▸ Task directions
Please write out the whole listing that follows exactly; the pictures stay out.

▸ Raw data
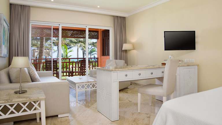 Jedes der 47 Zimmer des Hotels ist mit allen Annehmlichkeiten für einen angenehmen Aufenthalt unserer Gäste in Punta Cana ausgestattet. Willkommensprodukte Kinder Kinderbetten Information für Behinderte: Zugang von der Straße Türen im Zimmer Eingang: 86 cm Bad: 64 cm Balkon: 108 cm *Badezimmer ist nicht auf Behinderte angepasst Suiten Die 47 großzügigen Junior Suiten des VIK Hotels Cayena Beach bieten Blick auf das Meer und befriedigen die Wünsche auch anspruchsvollster Gäste
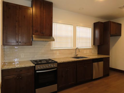 This newly renovated warm and inviting home offers classic detail in every room, with hardwood trim and wood laminant flooring throughout. The spacious living room features a delightful mock fireplace. The kitchen features updated granite counter tops, stainless steele electric oven/ range and dishwasher. This home also offers the convenience of a laundry area with full size washer and dryer connections. The large chain-link fenced backyard is easily accessed and includes a storage bulilding. There are so many nice attributes to this charming home. It is a must-see! Take a tour today and submit your application before it's gone!
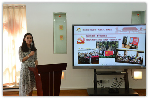 为深入学习贯彻习近平新时代中国特色社会主义思想和党的十九大精神,推进“不忘初心,牢记使命”主题教育活动,激励和引领全体党员奋发有为,创先争优,经学院党委决定,对评选出的3位优秀共产党员石旭登、张虹倩、周屹,1名优秀党支部书记刘瞳以及先进本科生党支部进行表彰。黄薇宣读《表彰决定》。三位优秀共产党员所在党支部的支部书记王琦、张德劭、易兰分别致颁奖词并为获奖个人颁发荣誉证书。院优秀党支部书记、辅导员刘曈为大家介绍了本科生党支部过去一年的工作和取得的成绩。

▸ Response box
 Jedes der 47 Zimmer des Hotels ist mit allen Annehmlichkeiten für einen angenehmen Aufenthalt unserer Gäste in Punta Cana ausgestattet. Willkommensprodukte Kinder Kinderbetten Information für Behinderte: Zugang von der Straße Türen im Zimmer Eingang: 86 cm Bad: 64 cm Balkon: 108 cm *Badezimmer ist nicht auf Behinderte angepasst Suiten Die 47 großzügigen Junior Suiten des VIK Hotels Cayena Beach bieten Blick auf das Meer und befriedigen die Wünsche auch anspruchsvollster Gäste
 This newly renovated warm and inviting home offers classic detail in every room, with hardwood trim and wood laminant flooring throughout. The spacious living room features a delightful mock fireplace. The kitchen features updated granite counter tops, stainless steele electric oven/ range and dishwasher. This home also offers the convenience of a laundry area with full size washer and dryer connections. The large chain-link fenced backyard is easily accessed and includes a storage bulilding. There are so many nice attributes to this charming home. It is a must-see! Take a tour today and submit your application before it's gone!
 为深入学习贯彻习近平新时代中国特色社会主义思想和党的十九大精神,推进“不忘初心,牢记使命”主题教育活动,激励和引领全体党员奋发有为,创先争优,经学院党委决定,对评选出的3位优秀共产党员石旭登、张虹倩、周屹,1名优秀党支部书记刘瞳以及先进本科生党支部进行表彰。黄薇宣读《表彰决定》。三位优秀共产党员所在党支部的支部书记王琦、张德劭、易兰分别致颁奖词并为获奖个人颁发荣誉证书。院优秀党支部书记、辅导员刘曈为大家介绍了本科生党支部过去一年的工作和取得的成绩。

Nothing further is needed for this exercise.